Un’altra fonte importante, anche se in negativo, è il noto ricettario di un anonimo cuoco veneziano redatto verso la fine del 1300 ( il manoscritto è attualmente conservato presso la biblioteca Casanatense di Roma), nel quale sono riportate 135 ricette per la preparazione di vari piatti. Ebbene, da questo manuale privato e di cucina sono praticamente assenti tutte le ricette relative al pesce e non perché quest’ultimo non rientrasse nell’alimentazione, ma perché, evidentemente, tali ricette erano ritenute troppo banali, troppo usuali, troppo scontate e conosciute per essere riportate in un ricettario manoscritto, tanto più in tempi in cui lo scrivere e il leggere era cosa destinata a uomini di cultura superiore.

 

Due altre fonti del 1500 ci confermano l’importanza alimentare dei prodotti ittici: la prima è la cosidetta cronachetta di Marin Sanudo nella quale, descrivendo le sue pescherie di Rialto di S. Marco, l’autore elenca oltre 60 specie merceologiche tra crostacei, molluschi e pesci d’acqua dolce e marina.

 

La seconda è invece un tratto descrittivo delle più importanti città italiane e straniere redatto dall’aquilano Giulio Cesare De Solis nel 1591, nel quale l’autore, parlando di Venezia e delle sue pescherie, afferma che ogni giorno sui banchi dei pescivendoli si trova tanta coppia di pesce “che non si trova in Roma e Napoli messe assieme in un intero mese”.

 

E il discorso sulle fonti storiche potrebbe continuare con le molte descrizioni di viaggiatori stranieri dei secoli successivi, con le molte citazioni di prodotti alimentari nelle popolarissime commedie Goldoniane, con numerosissimi bandi, manifesti, listini dei prezzi emanati dalle autorità venete e così via.

 

Certamente non così importanti, quantitativamente, furono i prodotti dell’ uccellaggione, praticata nelle barene spesso dagli stessi pescatori, da principio con reti e frecce e poi, con l’introduzione delle armi da fuoco, con i famosi s-cioponi, cioè non dei grossi fucili posti sulla prua di agili e leggere imbarcazioni lagunari. Con l’introduzione delle armi da fuoco l’attività venatoria diventò però molto costosa e il cacciatore si trasformò così in occupazione dilettevole e di svago per i giovani rampolli delle famiglie nobili che girovagando per le lagune, fermandosi a pranzo o a cena nei “casoni ” (tipiche case di paglia delle lagune ormai quasi completamente scomparse) e che, rientrati in città, appendevano i loro trofei alle porte d’ingresso dei propri palazzi, allo scopo di mostrare pubblicamente la loro abilità di cacciatori.

 

In un habitat così particolare come quello delle barene e velme lagunari, dove terra e acqua si confondono, è naturale che si siano sviluppate inoltre delle forme di cacciagione, o meglio sarebbe dire pescagione assolutamente peculiari quali quelle con lo smergo (un uccello di passo implacabile per datore di pesci) o quelle con arco balestra e fucile.
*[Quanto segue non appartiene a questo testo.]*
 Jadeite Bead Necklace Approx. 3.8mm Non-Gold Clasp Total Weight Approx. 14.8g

Con il primo tipo, lo smergo, che era legato  con una lunghissima corda alla barca  e  che era parzialmente strozzato da  un anello metallico infilato attorno al collo, veniva lanciato dal pescatore una volta avvistate le prede. Data la grande abilità dello smergo, il bottino era sempre certo.
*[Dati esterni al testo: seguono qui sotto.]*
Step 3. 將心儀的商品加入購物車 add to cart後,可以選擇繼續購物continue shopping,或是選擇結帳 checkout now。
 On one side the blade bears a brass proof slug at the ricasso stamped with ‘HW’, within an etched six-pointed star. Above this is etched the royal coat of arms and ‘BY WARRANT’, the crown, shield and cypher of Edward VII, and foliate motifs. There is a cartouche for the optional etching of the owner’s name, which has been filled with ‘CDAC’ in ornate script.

Non altrettanto sicuro per la grande attenzione, pazienza e abilità che questa attività richiedeva, era l’esito del secondo tipo di pescagione, in altre parole quello effettuato con arco, balestra o fucile.

 

I prodotti dell’attività venatoria erano talmente apprezzati che anticamente ogni anno, a dicembre, il Doge, cioè la massima autorità cittadina faceva dono di cinque uccelli marini ad ogni membro del maggior consiglio. Questa regalia nel 1591 fu trasformata, per carenza di prede, in una grossa moneta d’oro che, da allora, venne detta osela.

 

Pesce e carne erano accompagnati da un abbondante varietà di ortaggi coltivati nei molti orti delle isole lagunari e nelle terre litoranee del Cavallino, Lido, Malamocco e Pellestrina. Tali prodotti, importati in parte, nei primi secoli di sviluppo della città dogale, trovarono un’ottima acclimatazione nelle zone circonvicine all’area urbana.
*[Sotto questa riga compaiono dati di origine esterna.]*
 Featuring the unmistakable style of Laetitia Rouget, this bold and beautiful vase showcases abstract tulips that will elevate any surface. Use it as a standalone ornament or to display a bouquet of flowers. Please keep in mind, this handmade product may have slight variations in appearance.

Il clima caldo e umido e l’aria salmastra lagunare costituiscono i migliori concimi per i prodotti orticoli, che nelle isole veneziane crescono abbondanti e di ottima qualità. Giustamente rinomati sono i carciofi e in particolare le cosidette castraure, cioè i primi carciofini, quelli apicali che, ad inizio primavera, sono tagliati allo scopo di favorire la crescita di molti altri carciofi laterali. Le castraure sono ricchissime di cinarina e sono per questo particolarmente gustose.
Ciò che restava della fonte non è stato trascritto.